PDF, English - main document
Download (20MB) | Terms of use

Citation of documents: Please do not cite the URL that is displayed in your browser location input, instead use the DOI, URN or the persistent URL below, as we can guarantee their long-time accessibility.

DOI: 10.11588/heidok.00025757
URN: urn:nbn:de:bsz:16-heidok-257571
URL: http://www.ub.uni-heidelberg.de/archiv/25757

Abstract

High performance computing has become one of the major drivers behind technology inventions and science discoveries. Originally driven through the increase of operating frequencies and technology scaling, a recent slowdown in this evolution has led to the development of multi-core architectures, which are supported by accelerator devices such as graphics processing units (GPUs). With the upcoming exascale era, the overall power consumption and the gap between compute capabilities and I/O bandwidth have become major challenges. Nowadays, the system performance is dominated by the time spent in communication and I/O, which highly depends on the capabilities of the network interface. In order to cope with the extreme concurrency and heterogeneity of future systems, the software ecosystem of the interconnect needs to be carefully tuned to excel in reliability, programmability, and usability.

This work identifies and addresses three major gaps in today's interconnect software systems. The I/O gap describes the disparity in operating speeds between the computing capabilities and second storage tiers. The communication gap is introduced through the communication overhead needed to synchronize distributed large-scale applications and the mixed workload. The last gap is the so called concurrency gap, which is introduced through the extreme concurrency and the inflicted learning curve posed to scientific application developers to exploit the hardware capabilities.

The first contribution is the introduction of the network-attached accelerator approach, which moves accelerators into a "stand-alone" cluster connected through the Extoll interconnect. The novel communication architecture enables the direct accelerators communication without any host interactions and an optimal application-to-compute-resources mapping. The effectiveness of this approach is evaluated for two classes of accelerators: Intel Xeon Phi coprocessors and NVIDIA GPUs.

The next contribution comprises the design, implementation, and evaluation of the support of legacy codes and protocols over the Extoll interconnect technology. By providing TCP/IP protocol support over Extoll, it is shown that the performance benefits of the interconnect can be fully leveraged by a broader range of applications, including the seamless support of legacy codes.

The third contribution is twofold. First, a comprehensive analysis of the Lustre networking protocol semantics and interfaces is presented. Afterwards, these insights are utilized to map the LNET protocol semantics onto the Extoll networking technology. The result is a fully functional Lustre network driver for Extoll. An initial performance evaluation demonstrates promising bandwidth and message rate results.

The last contribution comprises the design, implementation, and evaluation of two easy-to-use load balancing frameworks, which transparently distribute the I/O workload across all available storage system components. The solutions maximize the parallelization and throughput of file I/O. The frameworks are evaluated on the Titan supercomputing systems for three I/O interfaces. For example for large-scale application runs, POSIX I/O and MPI-IO can be improved by up to 50% on a per job basis, while HDF5 shows performance improvements of up to 32%.

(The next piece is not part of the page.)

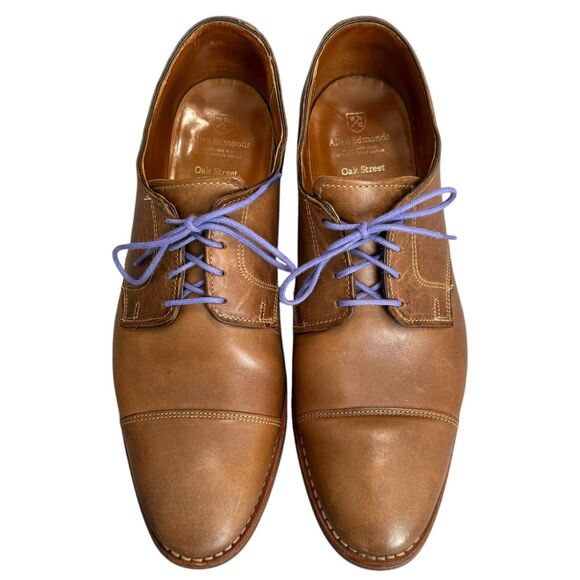 Elevate your style with these Allen Edmonds Oak Street brown cap toe Oxford dress shoes. Crafted with genuine leather upper, lining, insole, and outsole, these shoes are built to last. The classic solid brown color and cap toe design make them perfect for any formal occasion, whether it's a wedding, business meeting, or a day at the office.

Translation of abstract (German)

Hochleistungsrechnen hat sich zu einem der bedeutendsten Standbeine im Bereich der technischen und wissenschaftlichen Errungenschaften entwickelt. Ursprünglich wurde die Leistungssteigerung solcher Systeme durch die kontinuierliche Steigerung der Taktfrequenz gewährleistet. Die Verlangsamung dieses Trends hat zu der Entwicklung von Mehrkernarchitekturen geführt, welche zusätzlich durch sogenannte Beschleuniger wie etwa Graphikprozessoren unterstützt werden. In Verbindung mit der bevorstehenden Exascale Ära haben sich vor allem der Gesamtstromverbrauch und die Kluft zwischen Rechenkapazität und I/O Bandbreite als limitierende Faktoren herauskristallisiert. Die gegenwärtige Systemleistung wird vor allem durch die Kommunikations- und I/O-Zeit beschränkt. Dieses Phänomen hängt insbesondere mit den Eigenschaften der Netzwerkschnittstelle zusammen. Um den extremen Anforderungen in Hinblick auf Parallelität und Heterogenität zukünftiger Systeme gerecht zu werden, bedarf es einer sorgfältigen Abstimmung der Software-Komponenten, insbesondere im Hinblick auf Zuverlässigkeit, Programmierbarkeit und Benutzerfreundlichkeit.

Diese Arbeit identifiziert und widmet sich insbesondere drei Leistungslücken (engl. gaps), die in den heutigen Softwareumgebungen im Bereich der Verbindungsnetzwerke beobachtet werden können. Die sogenannte I/O Gap beschreibt die Leistungslücke, die entsteht durch die unterschiedlichen Taktfrequenzen von Rechenkapazitäten und der Speicherhierarchie. Die sogenannte Communication Gap beschreibt den Kommunikationsoverhead, der bei der Synchronisierung von Großanwendungen entsteht, aber auch die gemischte Kommunikationslast, die auf das Netzwerk ausgeübt wird. Die letzte Leistungslücke wird durch die sogenannte Concurrency Gap beschrieben. Diese Leistungslücke entsteht durch die extreme Parallelität von modernen Hochleistungsrechnern und dem für Programmierer dadurch verbundenen Mehraufwand, die Hardware-Eigenschaften dieser Systeme auszunutzen.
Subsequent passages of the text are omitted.